According to experts in the field of business management, the most important problem characteristic of the reporting process in question is the lack of loyalty to the relevant document on the part of the company’s employees, and in some cases also top managers and owners. Employees of the company - accountants, employees of production sites - do not always perceive management reporting as a document that should be given time, which makes sense to spend energy. Enterprises, as you know, are already obliged to submit official documents to state bodies, the drafting of which is not an easy task.

A similar position, when management reporting is not perceived as something worth attention, can also be held by top managers and owners, as we noted above. Many of the leaders, according to experts, refer to the documents in question as a variety of the method of misleading management, especially if you need to distract attention from not the most outstanding production indicators.

How to solve a similar problem? Analysts recommend starting with the level of leadership.

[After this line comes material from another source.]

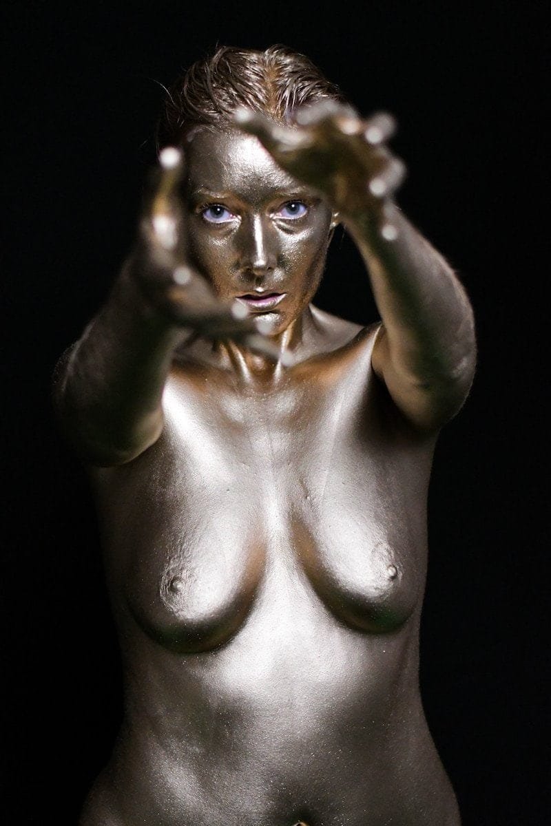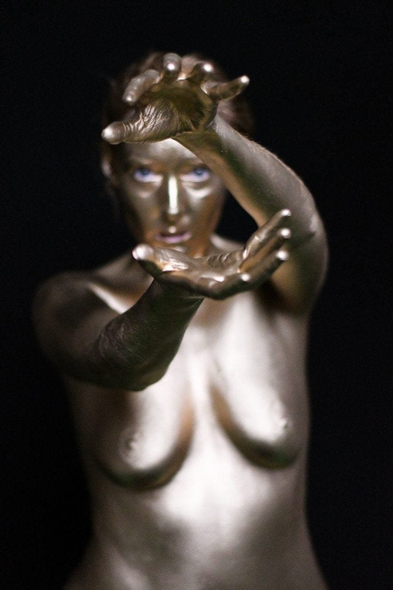 A nude woman painted in gold with outstretched hands on a dark background, capturing artistic body art and modern portrait photography.

It will be more justified to interest managers in the first place in the preparation of management reports, so that they, in turn, form the necessary local legal acts, according to which other employees will have to assist in the formation of the relevant documents.

Another difficulty characterizing the solution of the problem in question is the need to constantly develop new approaches to the interpretation of the figures contained in the reporting. This may be due primarily to changes in the production structure of the business. In the case of accounting and financial reporting, as we know, no interpretation of the figures is required. Therefore, it becomes possible to use standardized forms in which the corresponding indicators are recorded.

The management reporting of the organization, in turn, solves several other problems. It is needed, first of all, by the company itself, and not by government bodies, as is the case with accounting and financial indicators. If the interpretation of the numbers contained in the management reporting for a given production structure in a certain period played a positive role, it is not guaranteed that it will be equally useful provided that the characteristics of certain business processes have changed. Most likely, the compiler of the reporting documents will have to improve interpretation approaches as the company changes in the sphere of production activities. This may require a lot of time - both his personal and colleagues, to whom he can turn for advice, opinion or some auxiliary indicators reflecting the results of the company, in order to understand how to improve the approach to the interpretation of numbers.

Internal management reporting

This problem can be solved, again, through periodic communications with colleagues in the form of meetings, the subject of which is the consideration of current production indicators, as well as the development of measures to improve them, including through the introduction of new reporting methods, such as management.In the context of positive approaches to optimizing production indicators, it is more likely to be perceived positively by company employees.